Question

If potential energy between a proton and an electron is given by $U=\frac{-k{e}^2}{2R^3}$, where e is the charge of electron and R is the radius of atom, then radius of Bohr's orbit is given by ($h$ = Planck's constant, $k$ = constant)

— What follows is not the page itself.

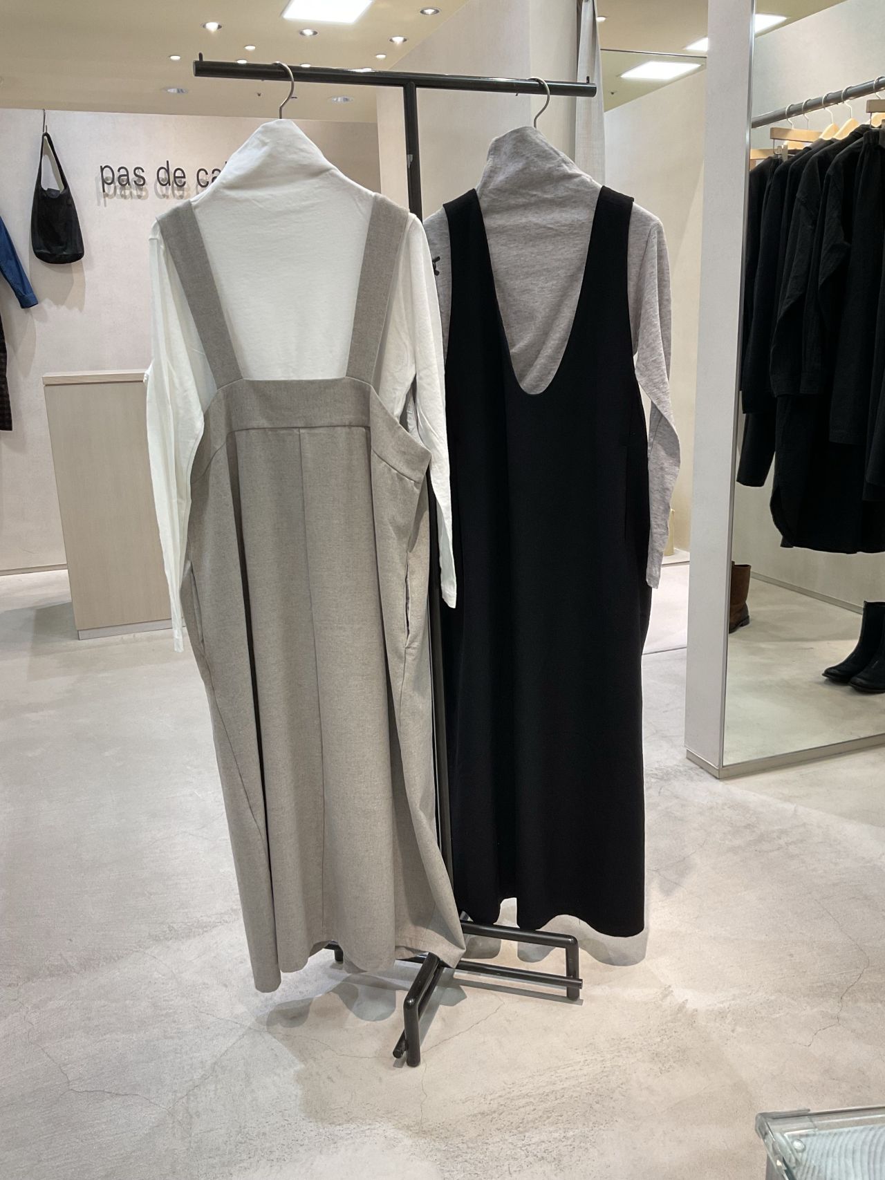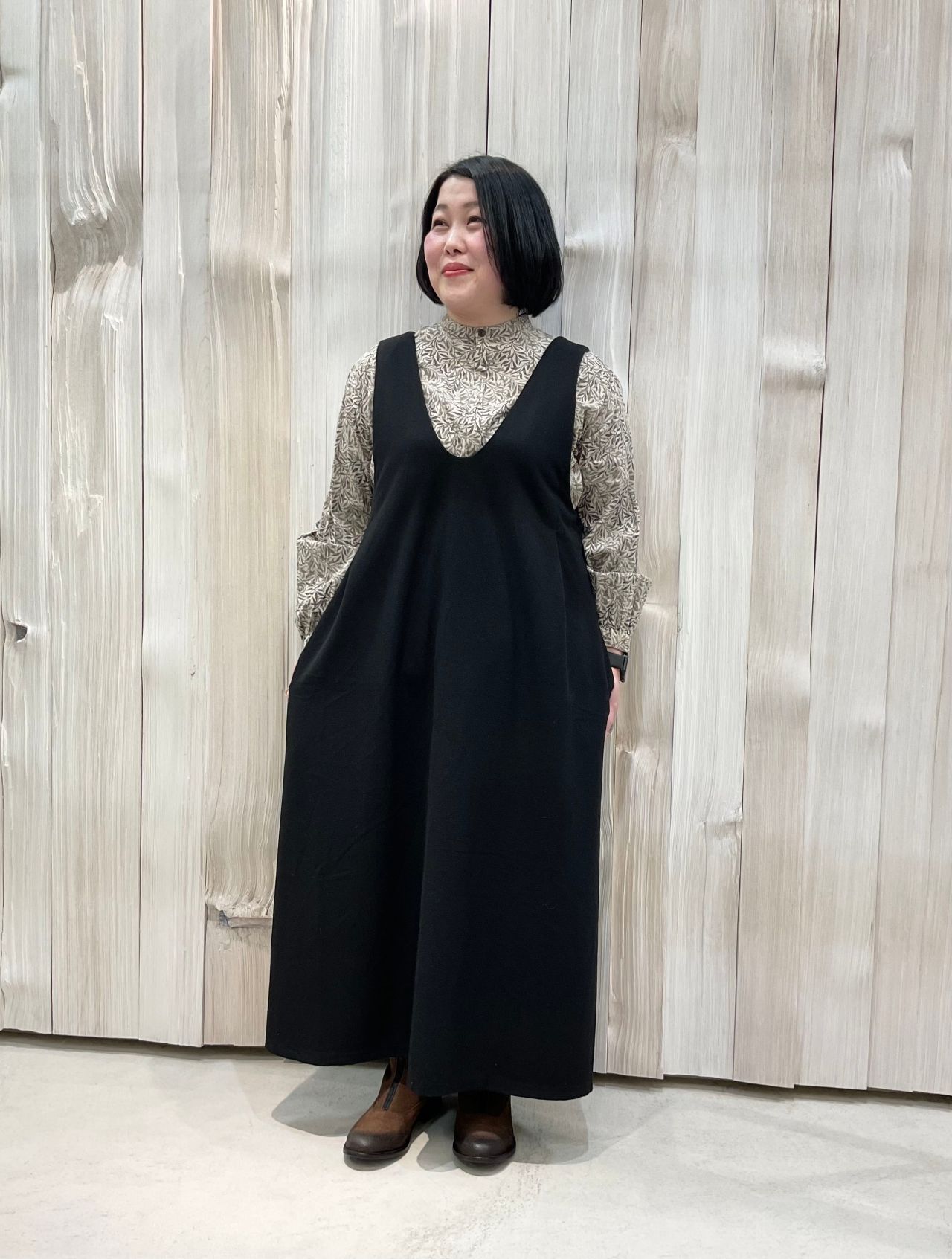 広がりすぎない分量感で大人なジャンパードレスです。

• A. $\frac{k{e}^{2}m}{h^2}$
• B. $\frac{6{\pi }^{2}k{e}^{2}m}{n^2{h}^2}$
• C. $\frac{2\pi k{e}^{2}m}{n{h}^2}$
• D. $\frac{4{\pi }^{2}k{e}^{2}m}{n^2{h}^2}$

Answer 1

The correct option is B $\frac{6{\pi }^{2}k{e}^{2}m}{n^2{h}^2}$

$U=-\frac{k{e}^2}{2R^3}$, $F$ = -$\frac{dU}{dR}$ =$\frac{3k{e}^2}{2R^4}$
But $F$ = $\frac{m{v}^2}{R}$$\Rightarrow \frac{m{v}^2}{R}=\frac{3k{e}^2}{2R^4}$
also, $mvR=\frac{nh}{2\pi }$
After solving both equations, we get $R$ = $\frac{6{\pi }^{2}k{e}^{2}m}{n^2{h}^2}$